Background: Crude latex extracts are commonly used in skin prick tests (SPT) for the diagnosis of natural rubber latex (NRL) allergy. Nevertheless, variations in protein and allergen composition between latex extracts from different manufacturers can hamper a correct diagnosis.

Objectives: To analyze the heterogeneity of proteins and allergens in latex extracts from 7 different manufacturers and to assess its relevance in the diagnosis of latex allergy.

Methods: Seven latex SPT extracts were analyzed for protein content using sodium dodecyl sulfate polyacrylamide gel electrophoresis (SDSPAGE).
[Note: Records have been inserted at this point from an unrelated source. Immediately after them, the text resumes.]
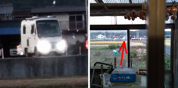 歩道にこちら向きに停車してヘッドライト照射。撮影に反応して歩道西進で逃げた。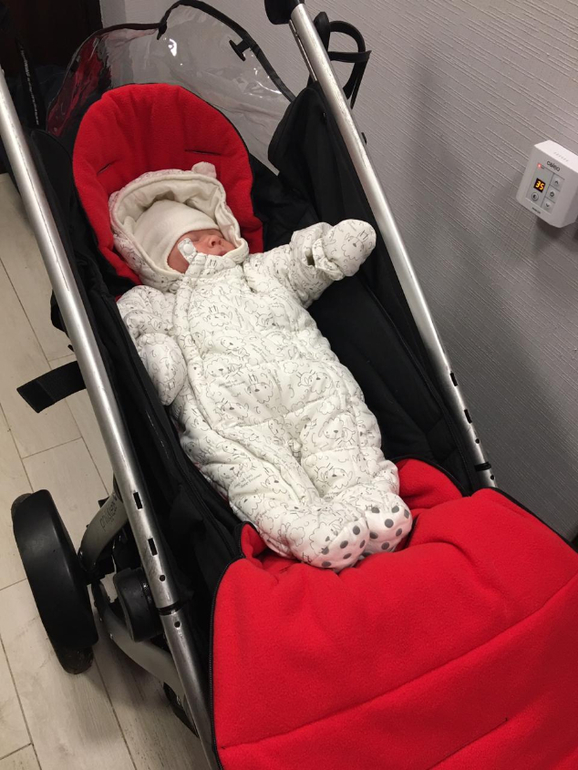 Флисовыц конверт-футмуфф извлеките снизу, он там не нужен. Если вам кажется, что холодно, то сверху укройте ребенка пледом и закройте переноску на молнии.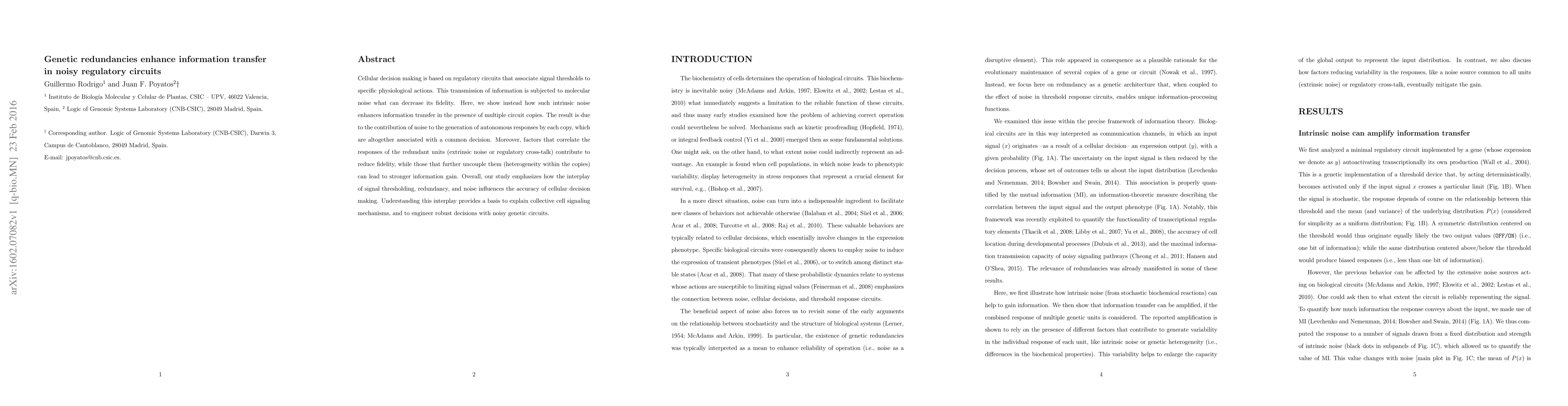 This paper demonstrates that genetic redundancies in regulatory circuits enhance information transfer despite molecular noise, which typically decreases fidelity. The intrinsic noise aids in generating autonomous responses in multiple circuit copies, collectively contributing to a common decision, thereby improving information transfer.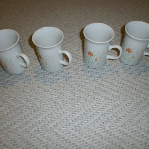 Vanhat muoviset matkamukit. Kuntoluokka kohtalainen, koska osan yläreunassa puremajälkiä. Muuten ei käytönjälkiä. Mukit saa päällekkäin tuohon "telineeseen", jossa Uusitupa LKV:n mainos. Ovat varmaan ainakin 20 vuotta vanhoja. Kaikki samalle, yhteishinta.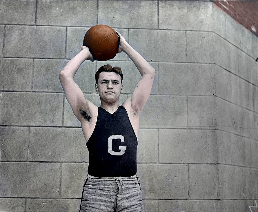 This week in Old Georgetown in Color, GM sticks with the Hoya theme (it’s easier to find good old black and white photos of them). The grim fellow above is Bill Hudack. He’s shown here in 1921, the year he captained the squad to a respectable 10-4 record. He was head coach in 1929-30 and found slightly less success, managing a 13-12 record.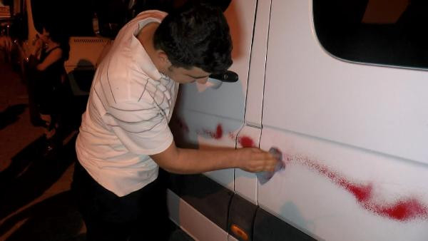 Esenyurt'ta park halindeki 26 araç kırmızı sprey boya ile boyandı. Araçlarının zarar gördüğünü öğrenen mahalleli sokağa döküldü.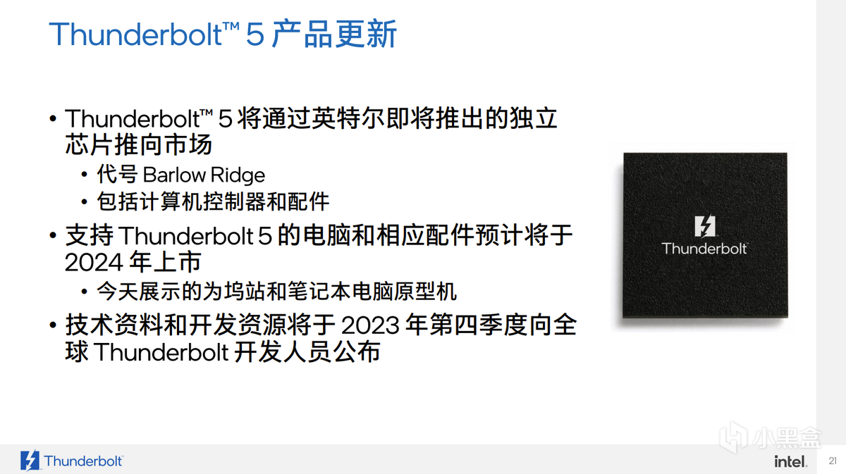 同時,Thunderbolt 5不會像Thunderbolt 4那般快速的融入到最新的英特爾CPU中,而是以獨立的芯片存在,芯片代號Barlow Ridge。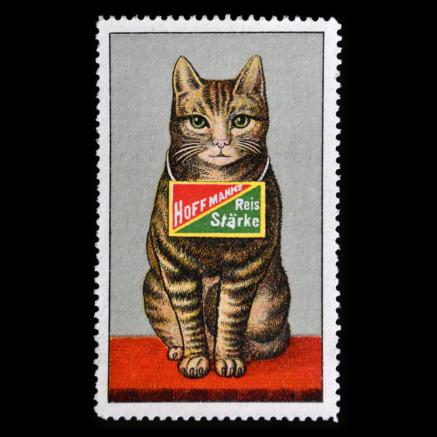 The iconic Hoffmann's Starch cat trademark, designed by Fedor Flinzer was officially registered in 1867. The brown cat version was iconic in the 1930's and 40's, this t-shirt features a cinderella poster stamp version of this design.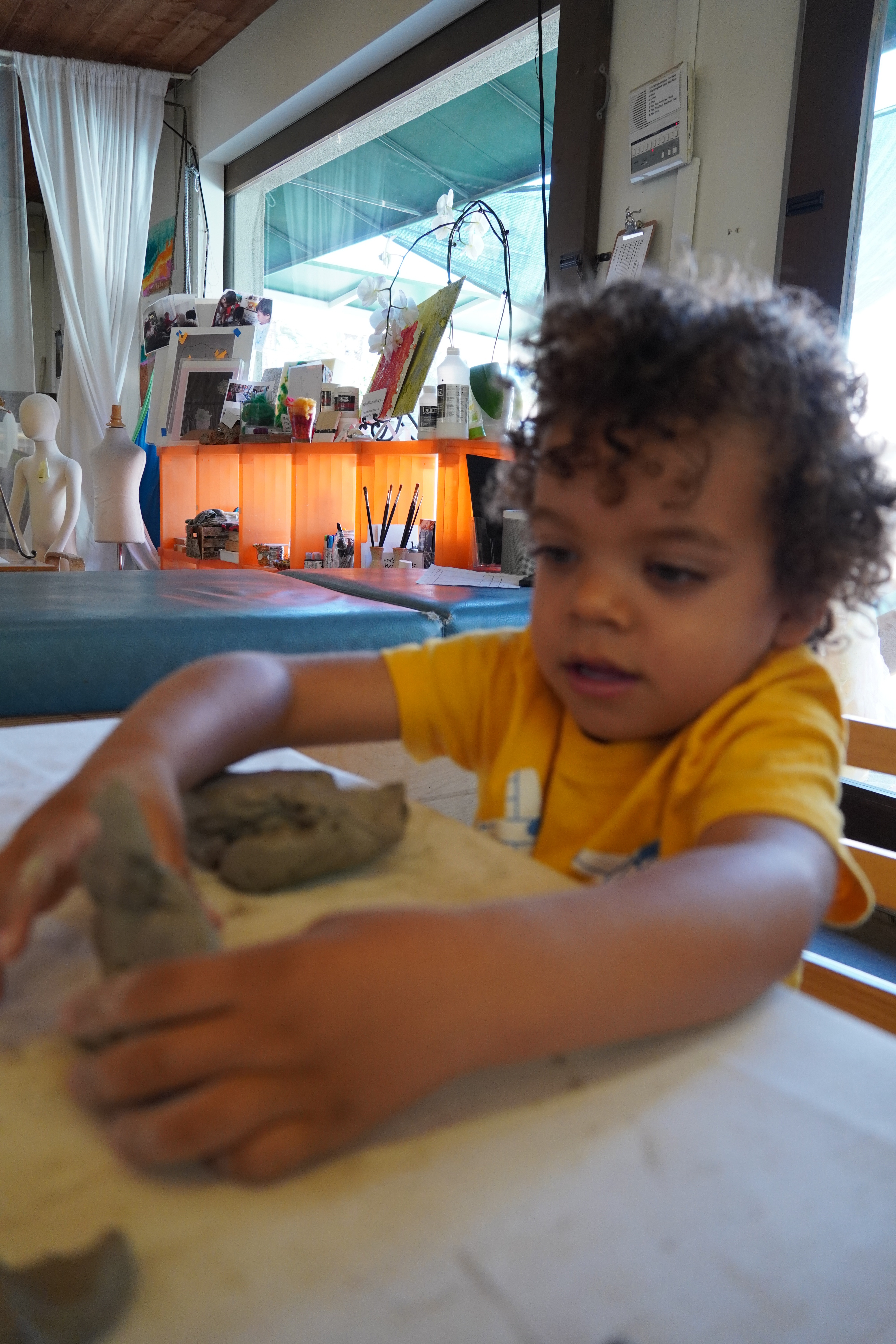 Rondie: I made Elliot (who he sees through the Atelier glass door in the sand). I squished the clay with my hands. I had to use a sharp shaving tool to poke holes. The holes are eyes and I scratched for the eyebrows.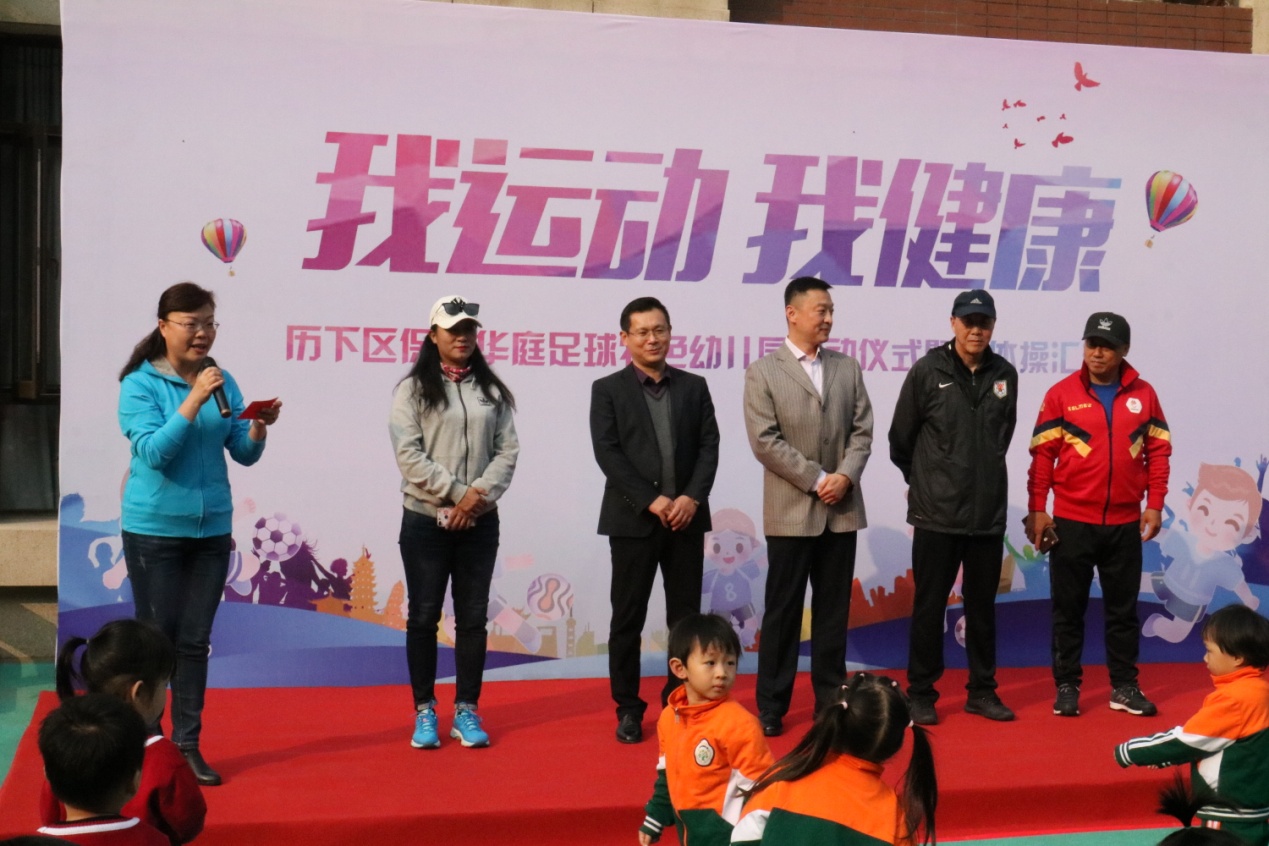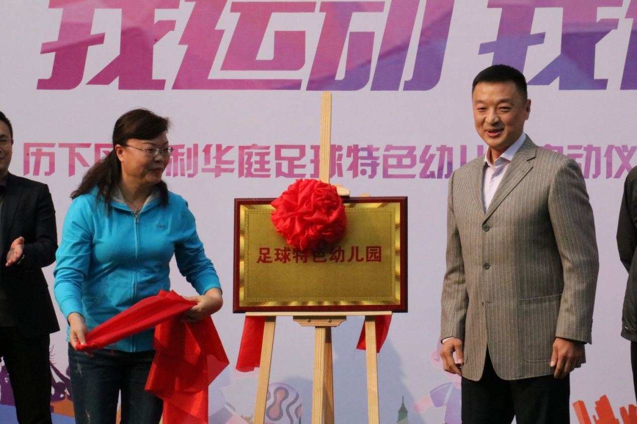 10月18日,历下区保利华庭幼儿园举行“足球特色幼儿园”揭牌仪式,历下区教育和体育局体育科科长崔巍,原山东鲁能泰山足球俱乐部功勋教练邹新光,原山东女足主力队员、中国女子足球裁判王露,我集团总经理李校伟等领导和嘉宾出席仪式。济南麦德森荣耀80足球俱乐部负责人、幼儿园百名老师、近千名幼儿参加了本次揭牌仪式。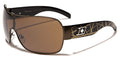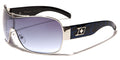 Dxtreme really has gone overboard on style with these sweet sunglasses for men that redefine style and attitude. The frame is metal around the large lenses, and the arms are plastic, so the shades are lightweight, but strong and durable. The arms start thick and taper through a curve toward the ear. The arms feature a cool colorful pattern on the side and sport the Dxtreme logo in silver and black. The lenses are in the shield style and offer excellent ultraviolet protection.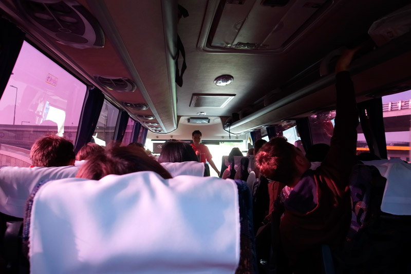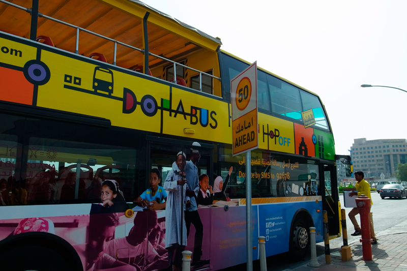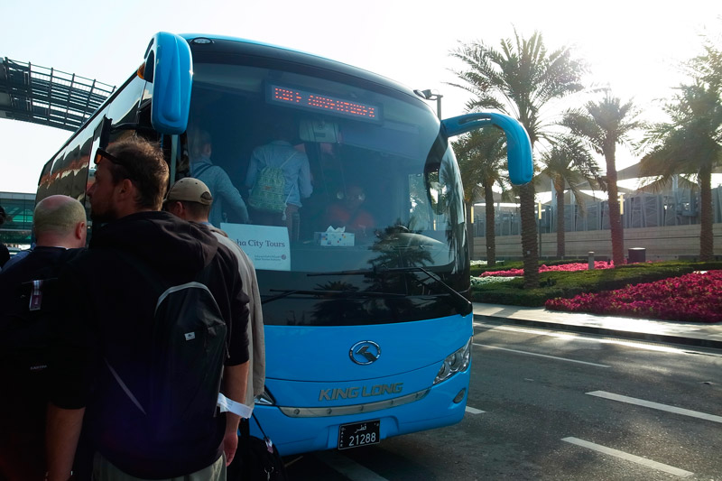カタールはとても暑く、日本の冬からやってくると気温差が半端ではありません。コートを脱いで半袖に着替えていてよかったと思っていたら、大型バスがやってきました。バスの中は窓に貼られたシートのせいでややピンク色です。ツアーは英語で行われ、ガイドさんの自己紹介やドーハについてのガイドを聞くことができます。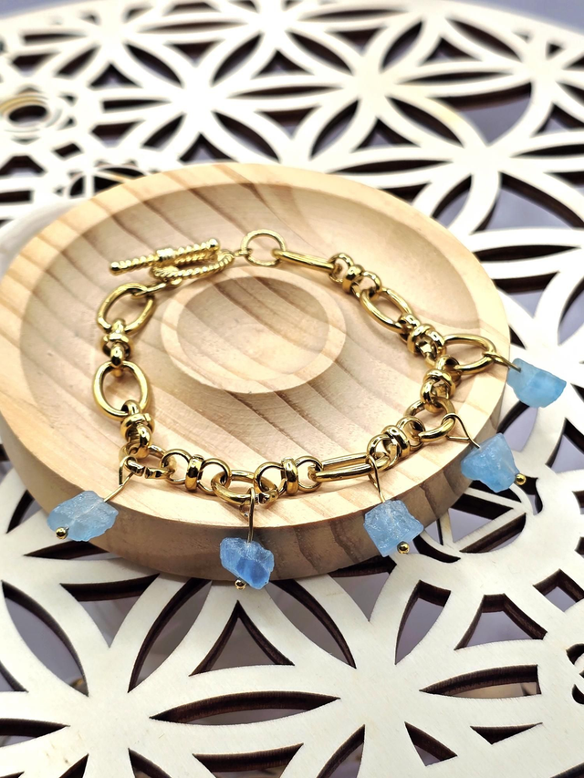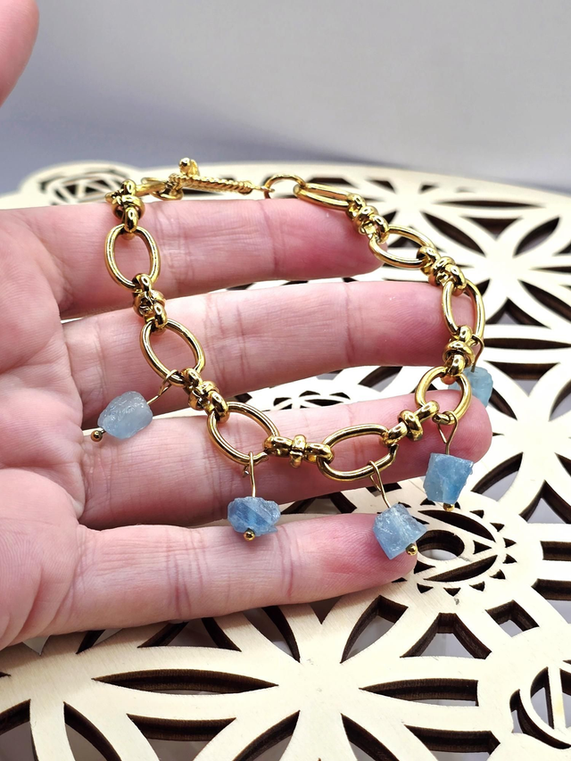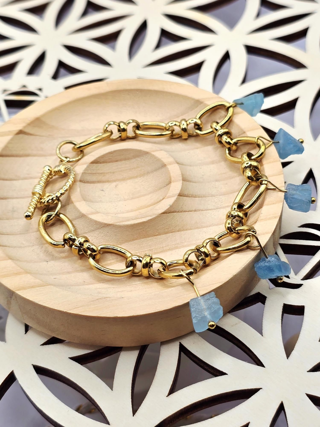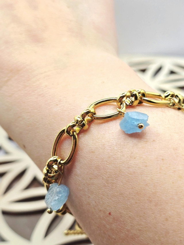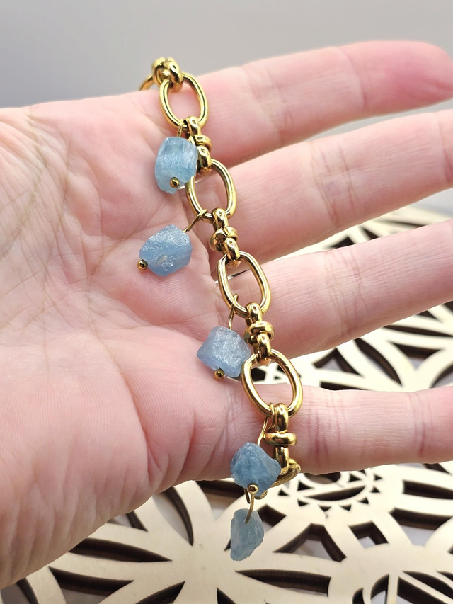 Bracelet fait main avec chaîne en grosse maille en acier inoxydable doré. Fermoir en T en acier inoxydable. Pierre brute d'Aigue marine.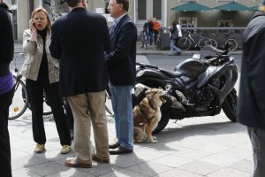 When I left the building, nine others were outside, waiting. (Check out this picture … the dog is yawning. Yes, we were bored … and quite taken with the dog. Sorry also that these photos aren’t cropped or toned. I need to add the right photo editing software to my laptop. Sigh.) We stood outside for awhile but were getting impatient and hungry.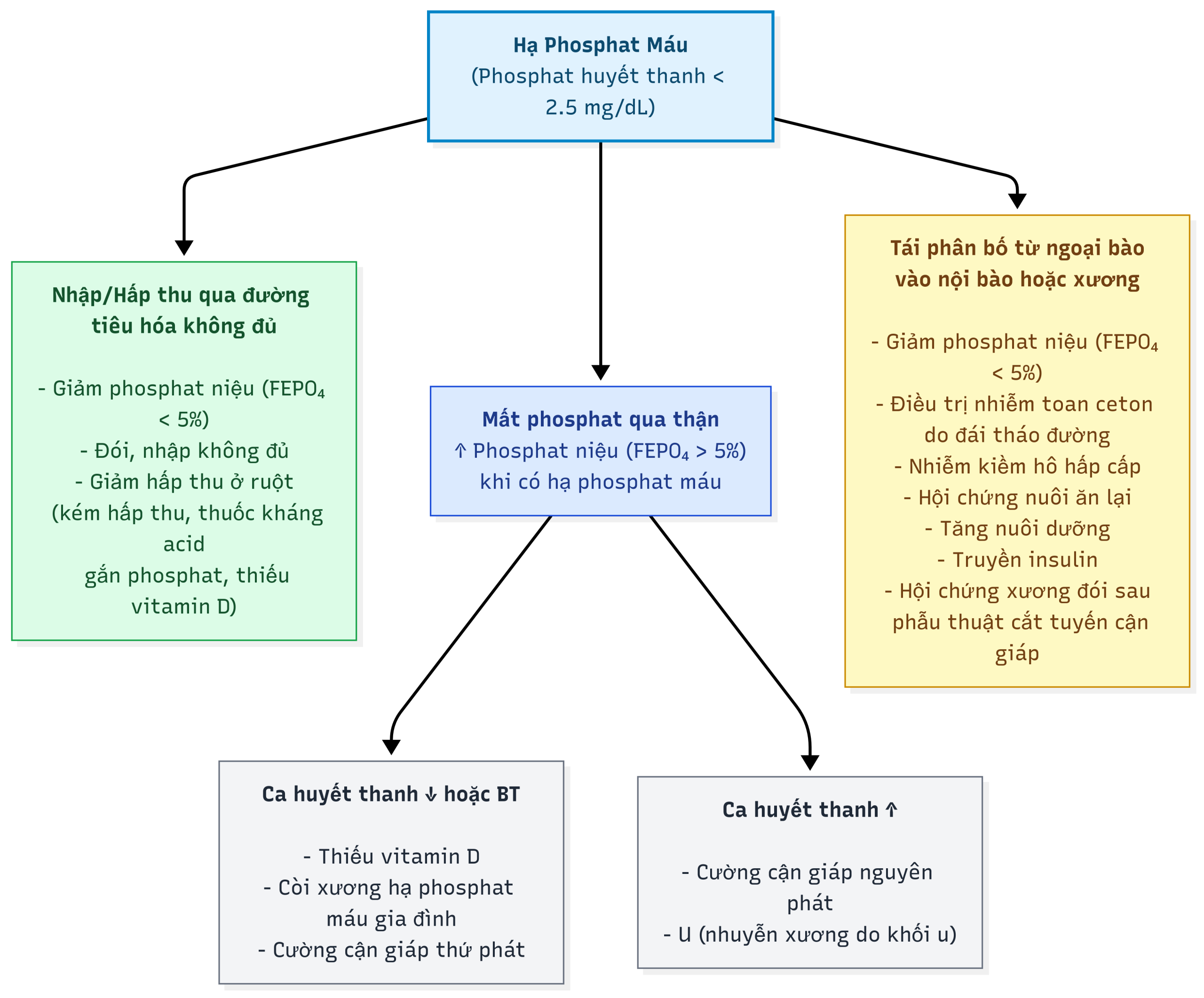 Bổ sung phosphat đường uống là đủ cho hạ phosphat máu nhẹ đến trung bình, nhưng có thể xem xét bù bằng đường IV với 20 đến 30 mmol kali phosphat khi có suy giảm tim hoặc hô hấp, thiếu máu, hoặc nồng độ phosphat < 1.0 mg/dL (0.32 mmol/L).⁶⁷
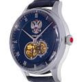 Мужские часы из коллекции «Президент» — это классический аксессуар, сочетающий в себе элегантность и надёжность. Модель выполнена в круглой форме с корпусом диаметром 42,5 мм и толщиной 16,3 мм, защищённым минеральным стекломМинеральное стеклоМинеральное стекло представляет собой искусственно выращенный минерал кварца. Такое стекло отличается особой устойчивостью к повреждениям и царапинам. Уступает по некоторым качествам сапфировому стеклу., устойчивым к мелким повреждениям. Браслет синего цвета изготовлен из натуральной кожи и дополнен стандартной застёжкой, что делает его удобным и практичным для повседневного использования. Часы оснащены механизмом с автоподзаводом, обеспечивающим точность хода и минимальное обслуживание. Прозрачная задняя крышка украшена изображением Герба России, что подчёркивает национальную принадлежность и уникальность модели. Водонепроницаемость позволяет использовать модель в повседневных условиях — при мытье рук или под лёгким дождём. Эти часы станут универсальным аксессуаром для тех, кто ценит сочетание стиля, качества и символики — идеальный выбор для уверенных в себе мужчин, следящих за своим имиджем и предпочитающих выделяться.

The 4 major allergens Hev b 1, Hev b 3, Hev b 5, and Hev b 6.02 were also quantified using enzyme immunoassay. All commercial extracts were tested for their in vitro allergenic capacity using microarray inhibition assays and for their ability to induce biological reactivity in latex-allergic patients undergoing SPT.

Results: The protein content of the extracts varied widely from 8.0 μg/mL to 526.5 μg/mL. SDS-PAGE revealed broad differences in protein profiles between the extracts. Marked variability in the contents of all 4 major allergens was observed, and Hev b 3 and Hev b 5 were undetectable in some extracts. Microarray inhibition assays and SPT demonstrated relevant differences in allergenic capacity between the extracts.

Conclusions: The marked heterogeneity in protein and allergen content of latex extracts from different manufacturers could explain the broad spectrum of SPT results recorded. Our findings suggest that the extracts used for the diagnosis of latex allergy should be improved and standardized.

Key words: Allergen extracts. Latex allergy. Microarrays. Skin prick test.